- _What the task asks_
Transcribe only what runs from the line containing "This game features" through the end of the listing, line for line and exactly, and omit the pictures.

- _Supplied data_
========================

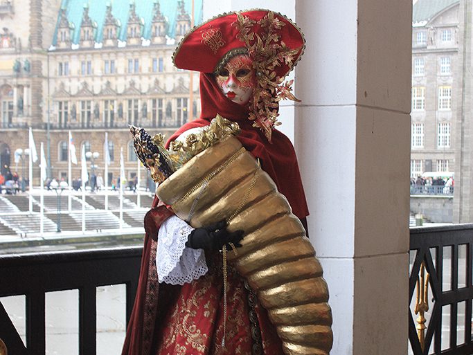 Durante un par de semanas al año, Venecia se viste de Carnaval, un evento que se celebró por primera vez, al menos, hace casi un milenio. El primer documento que lo menciona data de 1094. Todos esos días, la ciudad explota de música y colores. Bandas callejeras que entonan diferentes canciones locales, puestos en los que maquillan a los visitantes, papel picado como una alfombra que cubre el piso, jóvenes con carteles que ofrecen abrazos gratis… Y los disfraces, por supuesto.
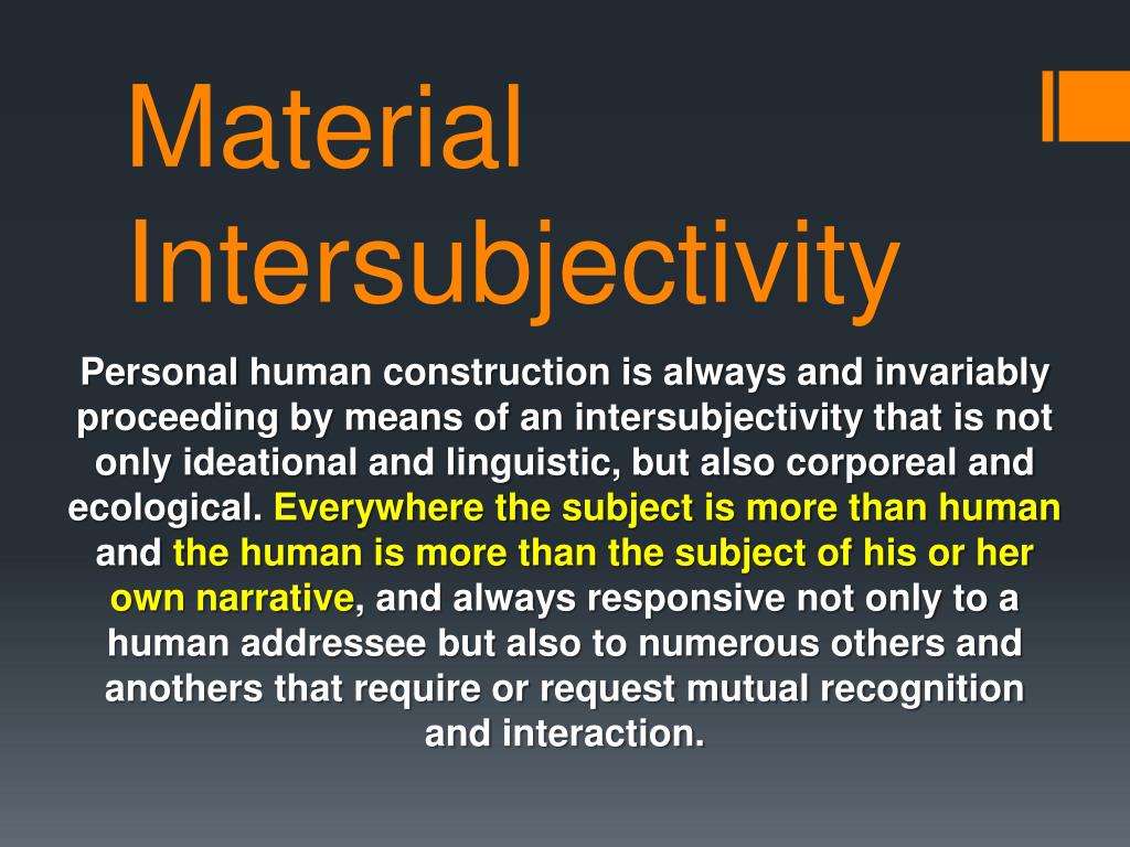 Material Intersubjectivity Personal human construction is always and invariably proceeding by means of an intersubjectivity that is not only ideational and linguistic, but also corporeal and ecological. Everywhere the subject is more than human and the human is more than the subject of his or her own narrative, and always responsive not only to a human addressee but also to numerous others and anothers that require or request mutual recognition and interaction.
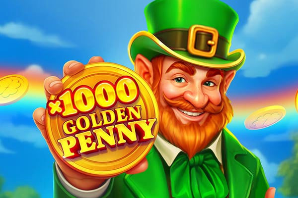 This game features a cheerful leprechaun holding a gold coin with the text "x1000 Golden Penny," emphasizing luck and wealth. The visual style is bright and colorful, inviting players to chase big wins through spin opportunities. It offers high payout multipliers and bonus features
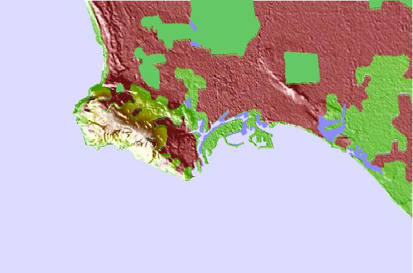 Use this relief map to navigate to tide stations, surf breaks and cities that are in the area of Los Angeles Harbor, Mormon Island, California.

========================

- _Response to the exercise_
 This game features a cheerful leprechaun holding a gold coin with the text "x1000 Golden Penny," emphasizing luck and wealth. The visual style is bright and colorful, inviting players to chase big wins through spin opportunities. It offers high payout multipliers and bonus features
 Use this relief map to navigate to tide stations, surf breaks and cities that are in the area of Los Angeles Harbor, Mormon Island, California.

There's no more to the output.